ASHBURN, Va. -- The fight against time, age and injury may be the toughest battle for any pro football player.
Just ask running back Earnest Byner and defensive lineman Eric Williams.
The Washington Redskins veterans, both 31, seem to be losing the battle in their 10th season.
Born a month apart in 1962, the two joined the Redskins in trades that rejuvenated their careers, Byner in 1989 and Williams in 1990.
Both started on the 1991 Super Bowl championship team, and Byner had two 1,000-yard seasons before falling just short (998) last year.
This year, though, has been one of frustration, as both have seen limited action and watched the Redskins (1-4) struggle.
Byner is being phased out of the offense and Williams, who has missed the past two games with injuries, said he probably will retire at the end of the season.
Byner is healthy but has been replaced by younger, faster running backs. He has carried just three times for 11 yards, and yesterday he couldn't hide his frustration.
"I know I can still play," he said. "It's not a question of whether I can make plays. I don't fight it because I don't want to be a distraction."
The Redskins have a simple explanation for Byner's reduced role. Offensive coordinator Rod Dowhower said Reggie Brooks is the starter and Brian Mitchell is a receiver-runner. As the team has emphasized the three-receiver set and the two-tight-end alignment, it hasn't used the two-back set.
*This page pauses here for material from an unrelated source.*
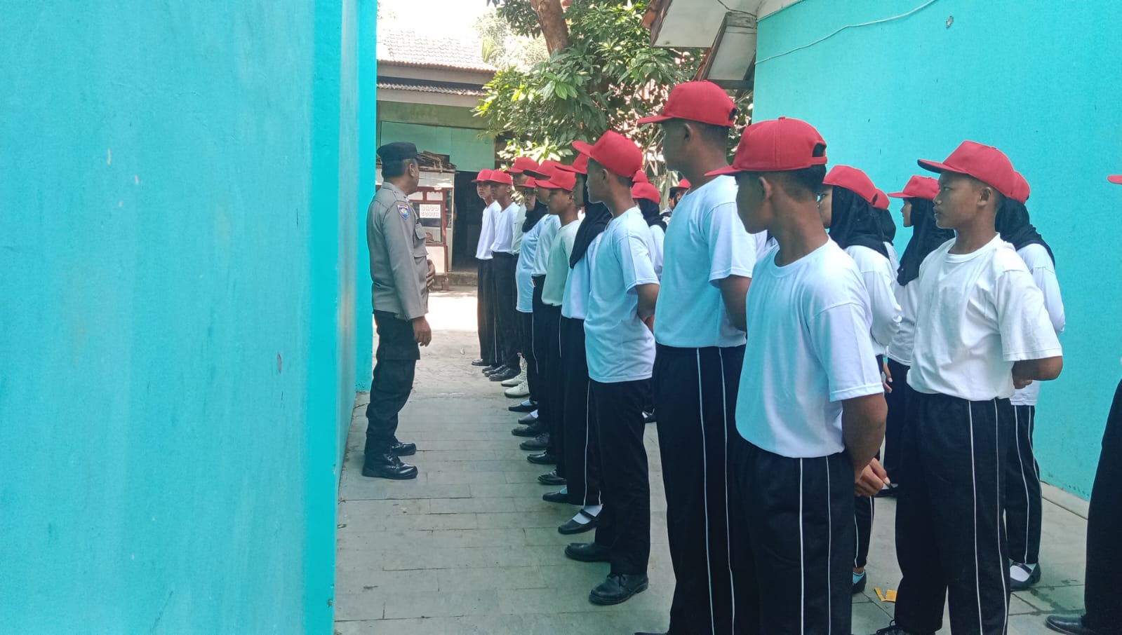 CIREBON – Sebagai bentuk kepedulian terhadap Anak Bangsa khususnya kepada Pelajar yang akan bertugas sebagai Pasukan Pengibar Bendera (Paskibra) Kecamatan Ciwaringin Kanit Binmas Polsek Ciwaringin Polresta Cirebon Aiptu Supartono bersama Kanit Samapta Aiptu Agus G, memberikan Pembekalan dan Pemantapan dalam latihan dan Persiapan Upacara Peringatan HUT Kemerdekaan Republik Indonesia yg Ke-78 tingkat Kecamatan Ciwaringin di Halaman sekolah MAN 2 Cirebon, Desa Babakan Kecamatan Ciwaringin Rabu ( 16/08/2023 )

Meanwhile, Byner can only ponder his future as a free agent next year. With a salary in the $1 million range, he doesn't know what the market will be.
"I'm hoping they'll change that thing and make it a soft cap or something," he said. "A lot of guys are going to take pay cuts. Guys like myself . . . it's going to hurt."
Williams, meanwhile, knows what his future is. His hip is in such bad shape -- he has a congenital condition -- that he figures this is his last season.
"At least, I know in my heart and I think the people know this is my last go-around," he said.
Williams has missed the past two games and just hopes he can play again this year because the team is short of defensive linemen.
He returned to practice yesterday and was encouraged. "My biggest concern was that I'd fall down and be carried off," he said.
He'll have a better idea today if he can play again when he finds out if practicing inflamed his hip.
NOTES: Four of the team's 10 defensive linemen -- Charles Mann (knee), Jason Buck (shoulder), Shane Collins (foot) and Tim Johnson (thigh) -- didn't practice. Mann and Buck won't be able to play Sunday in Phoenix, but the Redskins still hope Collins and Johnson may be able to go.